-Chapter I-

-The Horror of Reality-

PoV: Twilyx

Hmm… It's been a long time since I've kept a mental log about my life. I mean, now's the time that it matters, right? Oh well, here goes. Hi, my name is Twilyx, but that's not my real name. I'd rather not say it, though. Um… well, I've been stuck in the god-forsaken Clockworks for a week. Even Aria, my Seraphinx and my Battle Sprite partner, isn't enough to cheer me up right now. I am a member of the Spiral Order, but no word from fucking HQ about how to get me out of here. Oh well, at least I wasn't alone.

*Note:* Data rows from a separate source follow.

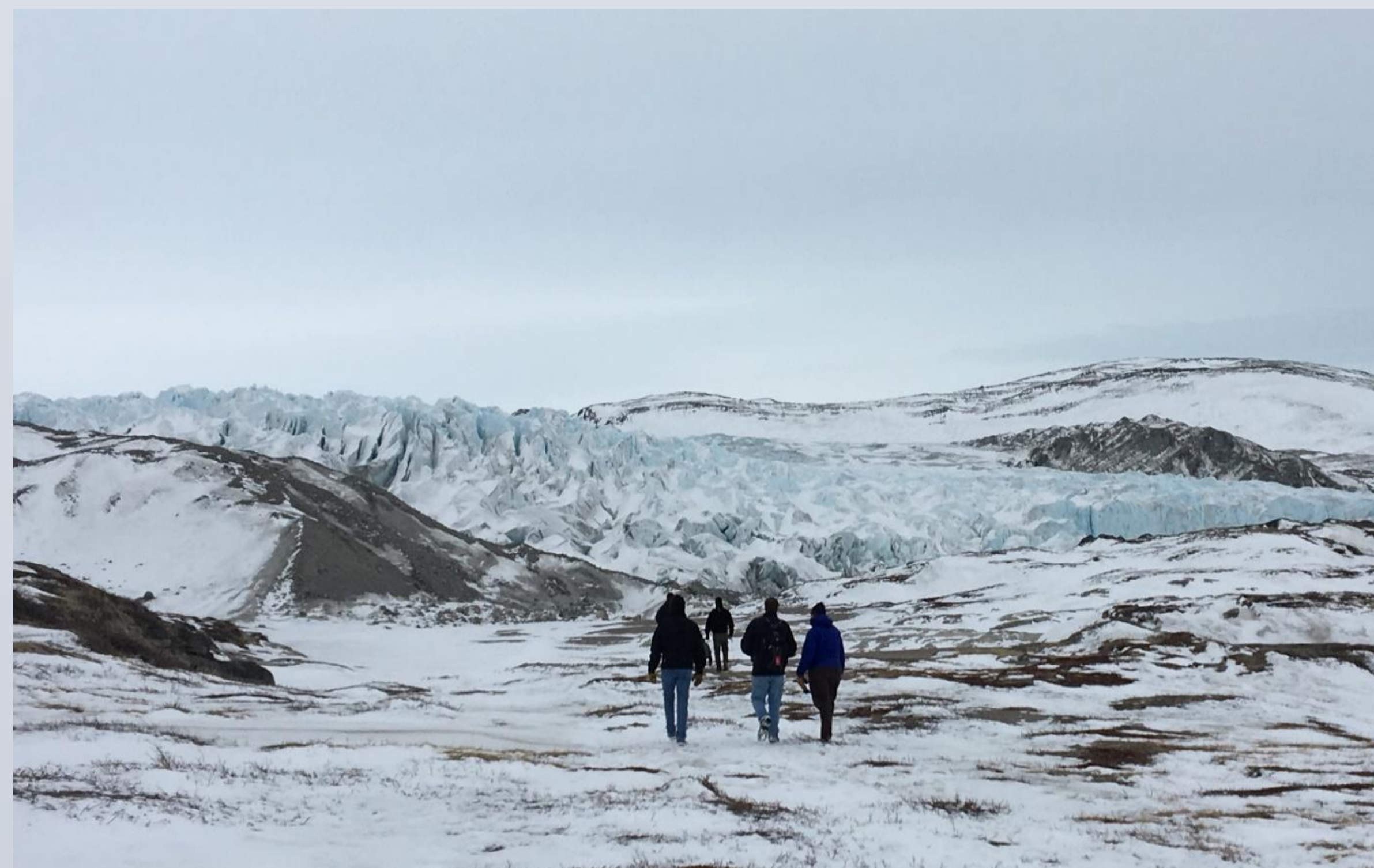
Exploring Russell Glacier with the IceBridge Crew.
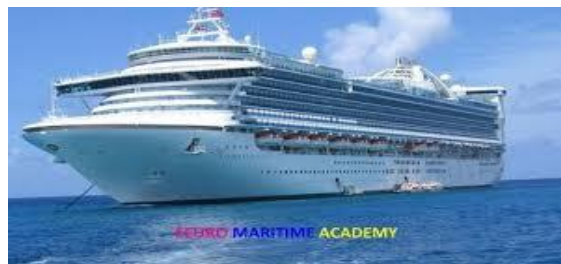
A Cruise Ship

Life in merchant navy can be adventurous for all those with wanderlust. The long periods of solitude notwithstanding, the opportunity to see the world and get paid while doing so, just cannot be argued with. Jobs in Oil Tankers are also one of the options for people trained as Marine Engineers.
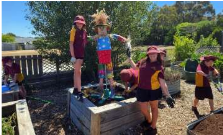
Senior students cleaning up the school's veggie garden and installing the award-winning scarecrow

The students have started all core curriculum subject areas, as well as specialist areas like PE, Japanese, Art, Music, Drama and visits from the MARC Van.
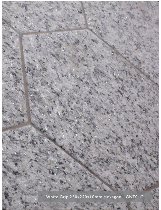
White Grip 250x220x10mm Hexagon - GNT01G
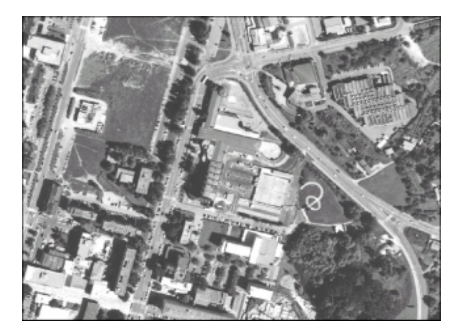
Figure 1: Digital ortophoto map
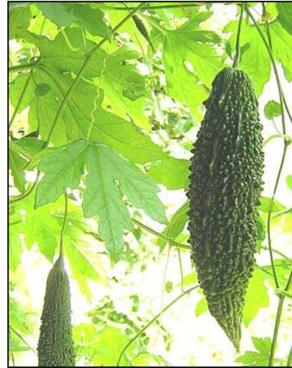
Bitter Melon
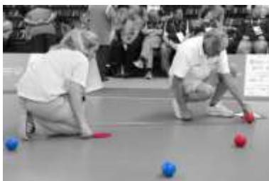
200 Sports Officials
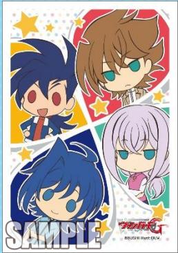
Mini Character Q4
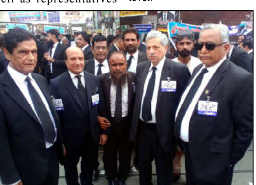
LAHORE: Lawyers gather for cast their votes on occasion of Annual Election of Supreme Court Bar Association 2024-25, held at Supreme Court Registry Building in Lahore.

Addressing the meeting, the Chief Secretary said that interfaith harmony and brotherhood imperative in today's world and we must unite as one nation to play our part in the country's development through mutual respect and love. The meeting was also briefed about interfaith harmony initiatives and challenges at the district level
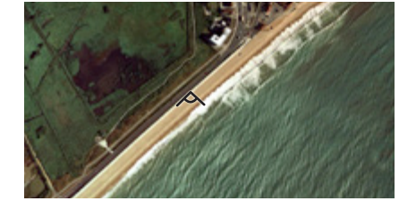
Figure 9.23 Viewpoint 6 winter

I was in a Guild called Retribution until we were split up. The leader of our group was Ataxary. She calls all the shots, and we all come back alive thanks to her. Our tactician, Trilychios, makes plans. Sure, he's smart and all, but he's no pushover on the battlefield with that temper of his. Next there's Myronasia, our swordmaster. The strongest person with a blade I've ever seen, including myself. Kicked my ass a few times, she did. After her is Sir Phant. We really didn't give him a nickname because his name was fine, but he just shouts it for everyone to hear anyways. He's our gunslinger, but not really that good of a socially adept soldier. Maybe his helmet's on too tight, no one knows or cares because he's deadly in a fight. And, finally, me. I'm the team spy, so I work on gathering data from other guilds, the enemy, and anywhere someone can tell me something for a few crowns. It doesn't come that hard to me, but everyone appreciates it, so I kept the job.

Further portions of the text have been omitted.